Disconnecting the battery won't do diddly-squat about reducing static electricity... -Think about it for a second.


----------



## mike3141 (Feb 16, 1999)

No but static could cause the airbag controller to fire. Disconnecting the battery disables the controller.


----------



## MisterJJ (Jul 28, 2005)

mike3141 said:


> No but static could cause the airbag controller to fire. Disconnecting the battery disables the controller.


But you are not working with the controller. I would be far more concerned when working near a sensor for the airbag system and that would only register a slight concern for me. No way is ESD (Electro-Static Discharge) going to trigger the airbag itself.


----------



## Uber-A3 (Feb 23, 2002)

mike3141 said:


> No but static could cause the airbag controller to fire.


really?


----------



## keithrash (Aug 12, 2001)

skotti said:


> What are you replacing the tweeters with? Any other sound system mods?
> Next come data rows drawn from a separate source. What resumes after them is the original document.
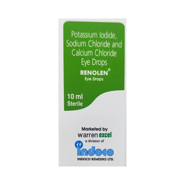Renolen Eye Drop with Potassium lodide, Sodium Chloride & Calcium Chloride is a combination of medicines that is used to treat the disorders of eyes. It helps in improving the eyesight. It prevents cataract or opacity or any other eye diseases.Renolen Eye Drop with Potassium lodide, Sodium Chloride & Calcium Chloride is to be used only in the affected eye in the dose and duration as advised by the doctor. Wash your hands before using this medicine. It is advised to check the label for directions before use. Do not skip any doses and finish the full course of treatment even if you feel better. Stopping the medicine too early may lead to the infection returning or worsening.
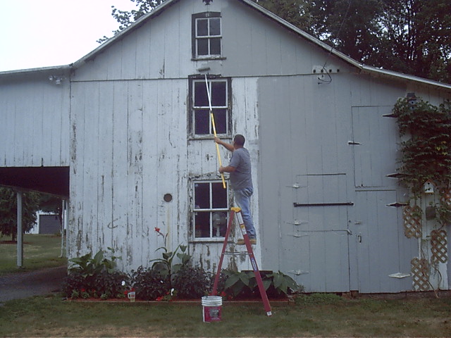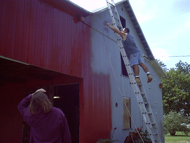 Oh, I hate that ladder! But the barn is huge! No other way to reach it.........That's a friend on the ground pacing and every now and then running to hold the ladder!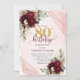 Chic Maroon White Gold Roses 80th Birthday Invites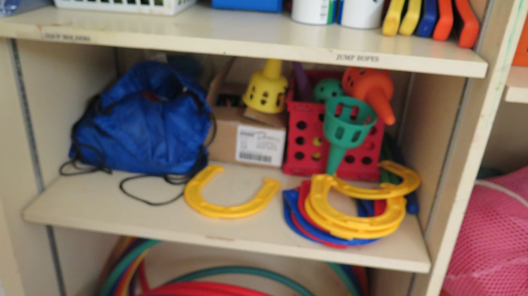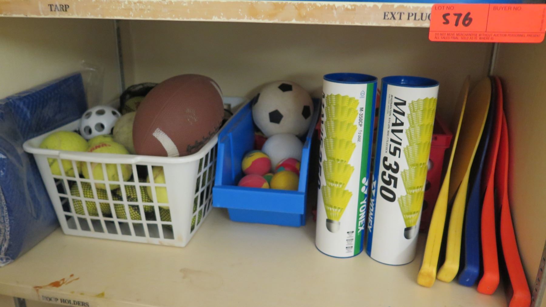 Contents of Shelf - Balls, Hula Hoops & Sports Equipment

 just swapping speakers and tweeters...stock ones going slowly... 

also have Denison for ipod... 

nothing spectacular...


----------



## drew138 (Dec 3, 2006)

Don't be this guy: 

http://www.youtube.com/watch?v=IMOsw2M9LbQ


----------



## Rob Cote (Dec 6, 2006)

Seriously you guys should understand how an airbag works. :facepalm:


----------



## MisterJJ (Jul 28, 2005)

drew138 said:


> Don't be this guy:
> 
> http://www.youtube.com/watch?v=IMOsw2M9LbQ


 Fake. Real airbags deflate after deploying. Besides, there's no crash sensors in the dash or steering wheel so you can pound on it all you want.


----------